THE COMING PLAGUE by Laurie Garrett

A review of THE COMING PLAGUE: NEWLY EMERGING DISEASES IN A WORLD OUT OF BALANCE by Laurie Garrett, published in 1994. CHAPTER 16: NATURE AND HOMO SAPIENS

The microbes were winning
That humanity had grossly underestimated the microbes was no longer, as the world approached the 21st century, a matter of doubt. The microbes were winning. Arguments among scientists focused on the whys, hows, and whens of an acknowledged threat.

Something had to give
The extraordinary, rapid growth of the Homo sapiens population, coupled with its voracious appetite for planetary dominance and resource consumption, had put every measurable biological and chemical system on earth in a state of imbalance. With nearly 6 billion human beings already crowded onto a planet in 1994 that had been occupied by fewer than 1.5 billion a century earlier, something had to give. That “something” was Nature – all observable biological systems other than Homo sapiens and their domesticated fellow animals. The bulk of human population growth would be in the poorest nations on earth. By the 1990s it was already obvious that the countries that were experiencing the most radical population growths were those confronting the most rapid environmental degradations and worst scales of human suffering.

The pace of the loss was staggering
At Harvard University, Dr. E. O. Wilson was one of the leaders of a worldwide effort to catalog the world’s species and protect as much of the planet’s diversity as possible, estimating that there were 1.4 million known species of terrestrial flora, fauna, and microorganisms on earth in 1992, and perhaps 98.6 million yet to be identified, most of which were living in the world’s rain forests. There the plentiful supply of rain, tropical sunlight, and nutrient-rich soil bred such striking diversity that Wilson found 43 different species of ants living on a single tree in the Amazon. The pace of the loss was staggering – on the order, by UN estimates, of 4.75 million acres annually.

Lyme disease
When ecospheres are severely stressed, certain species of flaura and forna that are best suited to adapt to the changed conditions quickly dominate. Both deforestation and deforestation can give rise to microbial emergence. Such was the case in 1975-76 in the Atlantic seaside town of Lyme, Connecticut where 51 residents came down with what looked like rheumatoid arthritis, dubbed Lyme disease. By 1990 it had surfaced in all 50 states and parts of Western Europe. Most Lyme sufferers lived in wooded areas that were inhabited by common North American feral animals: deer, squirrels, chipmunks, and the like.

The bacteria were transmitted to people by a tick
In 1982, Dr. Allen Steere discovered that Lyme patients were infected with a previously little-studied spirochete bacterium, Borrelia burgdorferi, showing that many of the dreadful symptoms of the disease were the result of the immune system’s protracted battles with the microbe.

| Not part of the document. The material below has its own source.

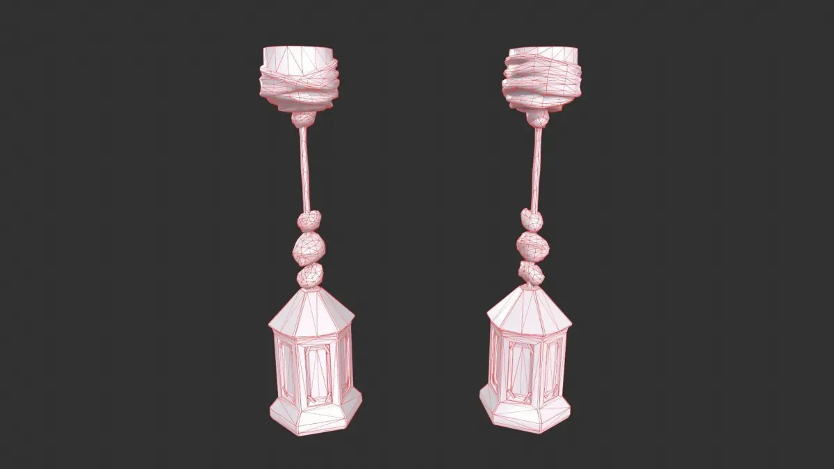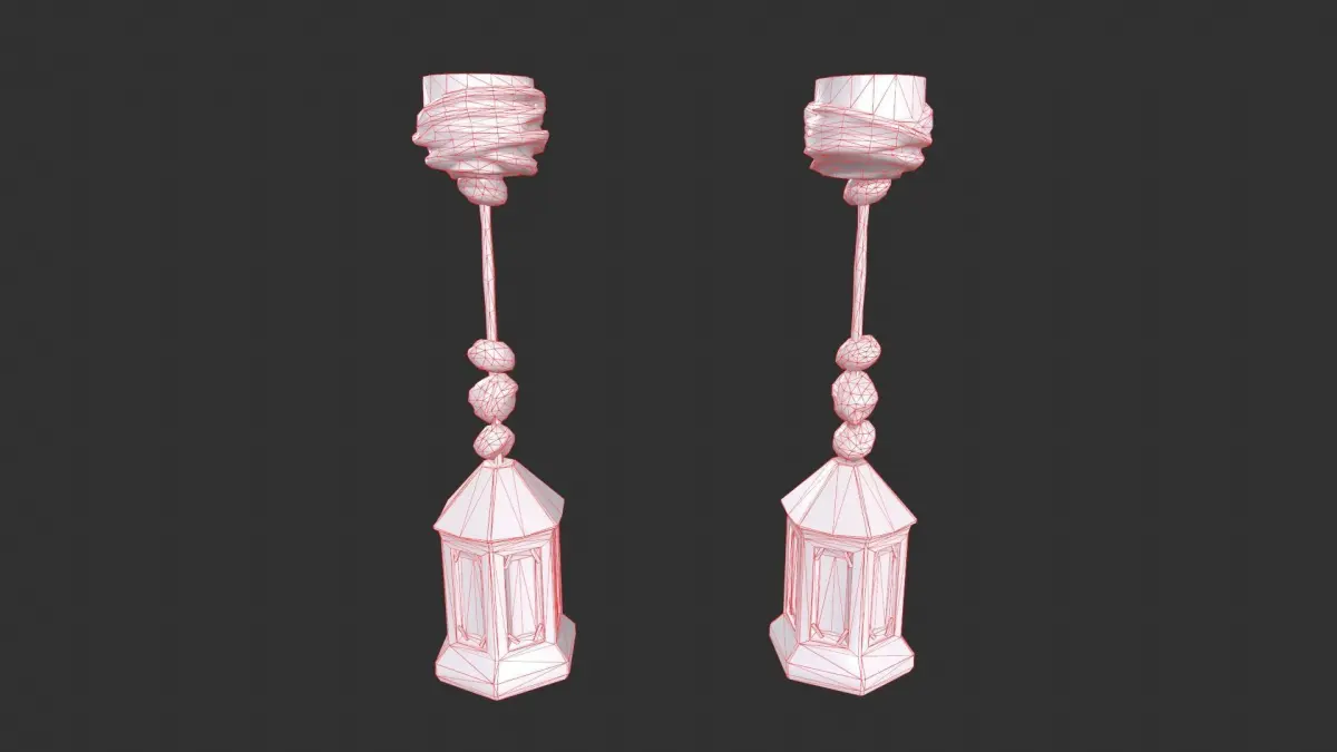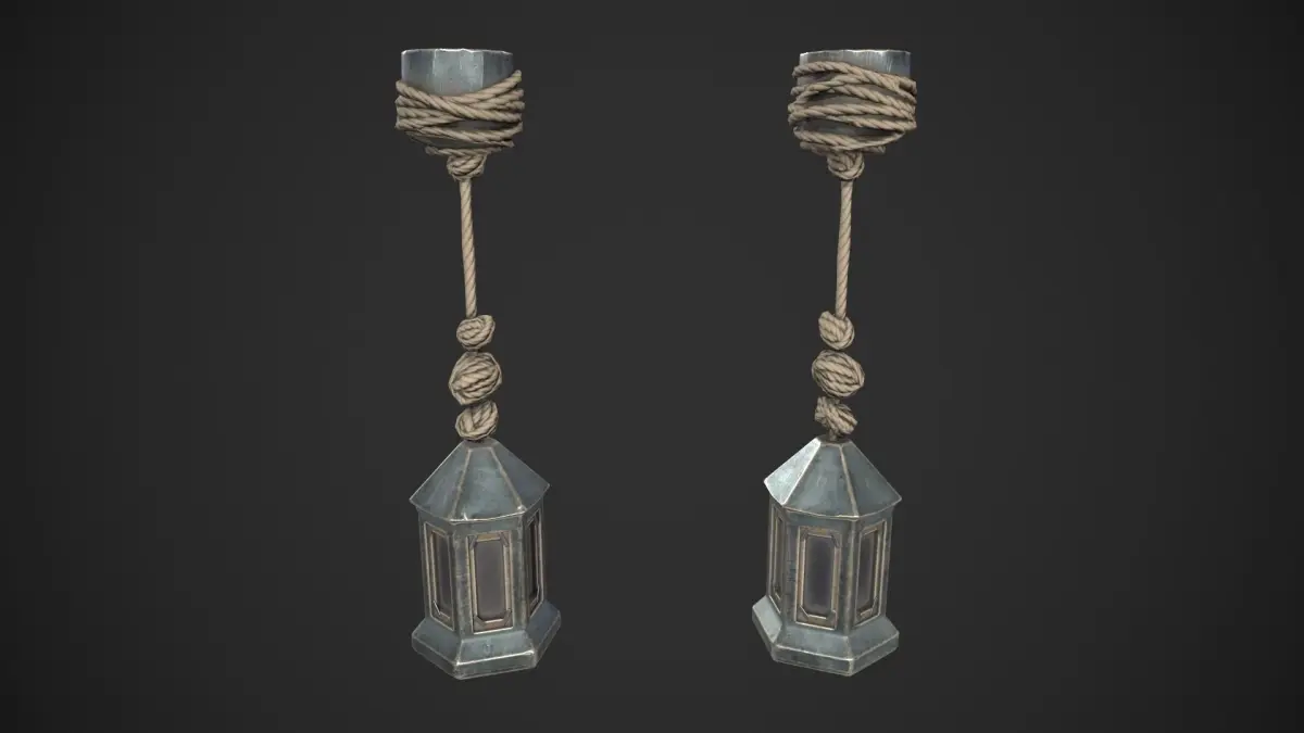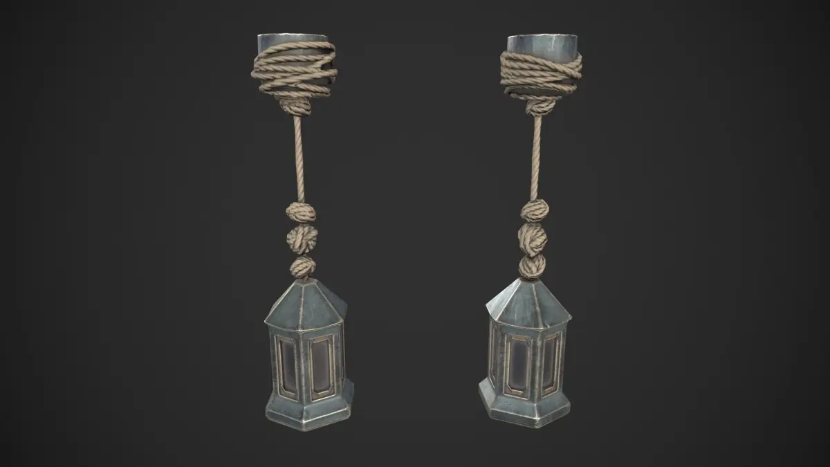 Game-ready Hanging Medieval Lamp asset, with PBR textures included in the files. This has 1267 polys (2222 tris) and 1201 vertices.

The Borrelia bacteria were transmitted to people by a tick, Ixodes dammini. While the tick was happy to feed on Homo sapiens, its preferred lunch was deer blood but getting rid of the deer in a region didn’t eliminate Lyme disease.

Deer, dogs, humans, rodents, and birds carried the insects
The ubiquitous northeastern mouse Peromyscus leucopus was the natural reservoir for the B. burgdorferi bacterium that caused Lyme disease. The mice passed their B. burgdorferi on to the ticks. The two species, rodent and insect, shared the ecology of low scrub brush where the deer grazed, picking up the ticks, which, while feeding on deer blood, passed on the bacteria. Because there were no predators around to keep the deer populations in check, they stepped into suburban front yards where they came in contact with cats and dogs. The territory inhabited by the tick expanded at a steady and rapid rate as deer, pet dogs, humans, rodents, and even some birds carried the insects from the initial outbreak sites. Their invasion, and the epidemic they spawned were new.